Brendan Leber wrote:

> First, let me apologize for my extremely late reply.  Right after I  
> started receiving replies I suffered some pretty serious system  
> failures.  I'm now back and replying to old messages.  B
> 
> 
> On Mar 2, 2006, at 9:20 AM, Eric Wilhelm wrote:
> 
> > It sounds like this usage is part of the foundation (if not "base")
> > class Math::Interval which Brendan will need even though he might not
> > be working directly on those bits.
> 
> Yes, the foundation of the class will have functions that support  
> traditional interval functions such as overlap() and intersect().

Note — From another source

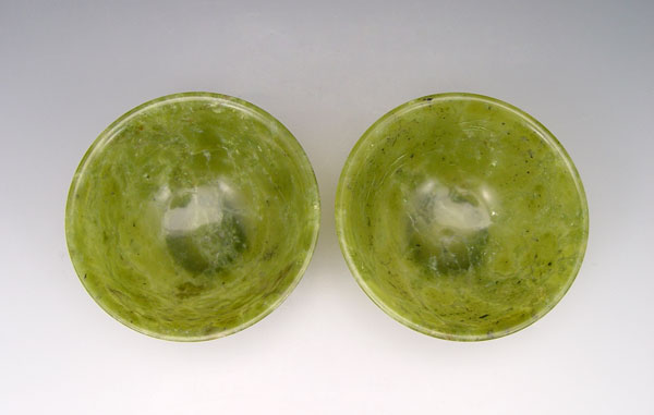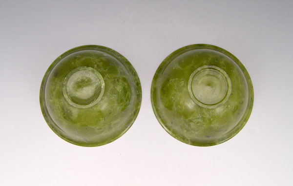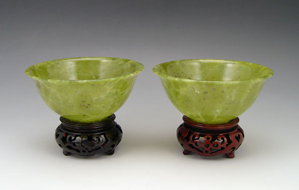 PAIR CHINESE MOTTLED GREEN OLIVINE BOWLS: Matched pair, lipped, polished. 4'' dia. Accompanied with the wood stands.

Out of curiosity, is there a common agreement on these 'traditional
interval functions'?
The most referenced proposal I'm aware of are the so called Allen
relations:

  Maintaining Knowledge about Temporal Intervals
  by James F. Allen

They are - as the title suggests - somewhat biased towards temporal 
types (e.g. relation 'during').
A perl implementation is done in Date::Interval:

  <http://search.cpan.org/~ktorp/Interval.0.03/Interval.pm>

Although the book

  Temporal Data and the Relational Model
  by C.J. Date, Hugh Darwen, Nikos Lorentzos
  
<http://books.google.com/books?ie=UTF-8&vid=ISBN1558608559&id=grTubz0fjSEC&pg=PA91&lpg=PA91&l&sig=PQpCSlzWNl_uS66gfX3Lw2RK-WY>

is also biased towards temporal types, the authors generalized the
interval type: it's a type generator parameterized by a point type.
By the way, 'during' was renamed to 'includes'. I have to admit I
like their proposal.

Are there other essential sources worth to consider?